━━━ DATA EXTRACT
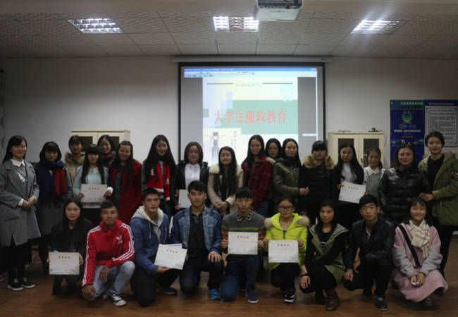 为丰富大学生的校园生活,倡导反腐反贪的政治理念,提高大学生清廉、正直的品德,增强大学生的政治素质,sunbet申搏官方网站旅游系于2015年12月2日在旅游社实训室举办了大学生廉正教育ppt演讲比赛。到场的评委分别有团委老师鲜梦玲老师,团委副书记伍黄琴,还有宣传部部长刘欢、副部长蒋雷,来自大一各班的22名同学参加演讲比赛 。
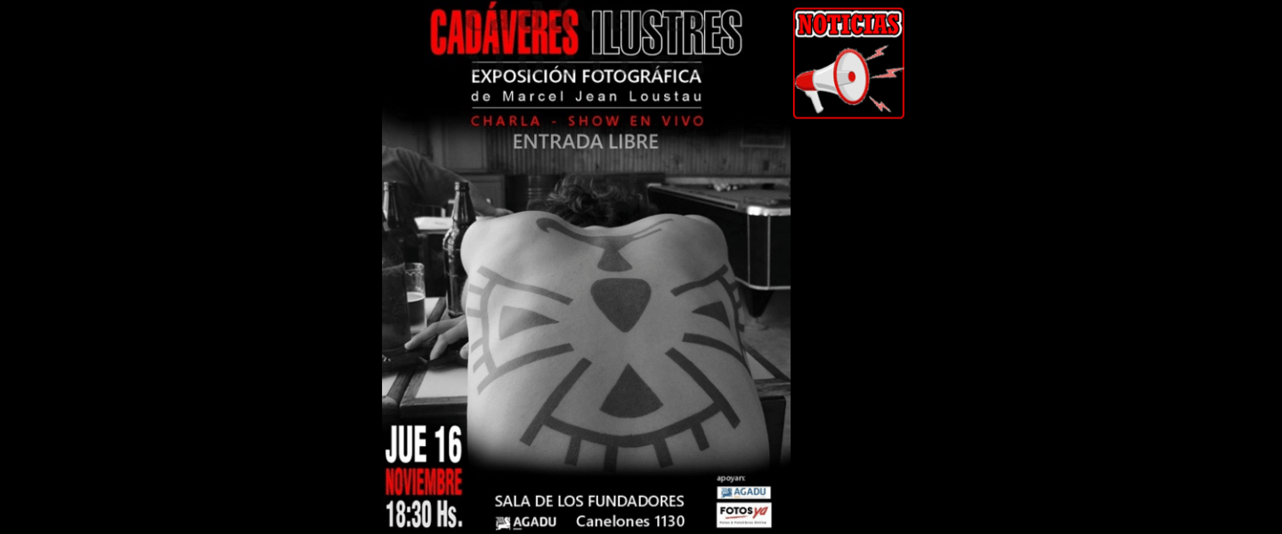 El próximo jueves 16 de noviembre en la Sala de los Fundadores de AGADU (Canelones 1130) se inaugurará la exposición fotográfica que Marcel Jean Loustau ofrecerá sobre Cadáveres Ilustres, histórica banda de nuestro rock nacional. La cita será a las 18:30 horas y la exposición se extenderá hasta el 22 de diciembre.
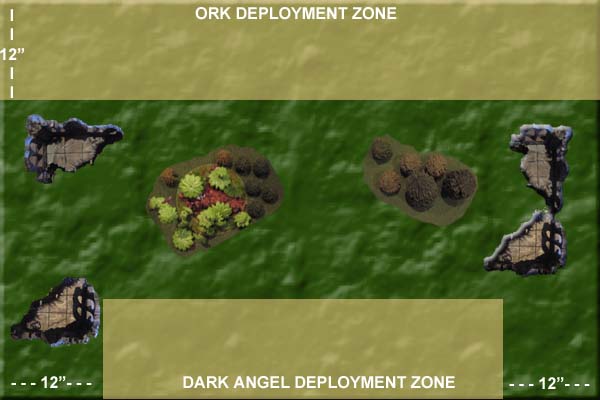 1. Each player rolls a D6 and the winner chooses a long table edge. 2. The ork player rolls a D6 for every troop choice in his army, and on a 4+ may deploy that unit on the board up to 12" from his board edge. 3. All other ork forces come in as reserves. 4. Dark Angel player deploys all his forces. 5. Dark Angels get first turn. |
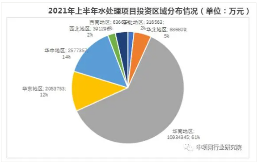 2021年上半年水處理行業項目投資額為1800億元,同比上年同期下降48.7%。今年上半年水處理項目主要集中在華南地區,行業項目投資1093億元。
━━━━━━
Reproduce, with the pictures omitted, exactly those lines that run from the line with "1. Each player" to the last line of the material, both ends included.

 1. Each player rolls a D6 and the winner chooses a long table edge. 2. The ork player rolls a D6 for every troop choice in his army, and on a 4+ may deploy that unit on the board up to 12" from his board edge. 3. All other ork forces come in as reserves. 4. Dark Angel player deploys all his forces. 5. Dark Angels get first turn. |
 2021年上半年水處理行業項目投資額為1800億元,同比上年同期下降48.7%。今年上半年水處理項目主要集中在華南地區,行業項目投資1093億元。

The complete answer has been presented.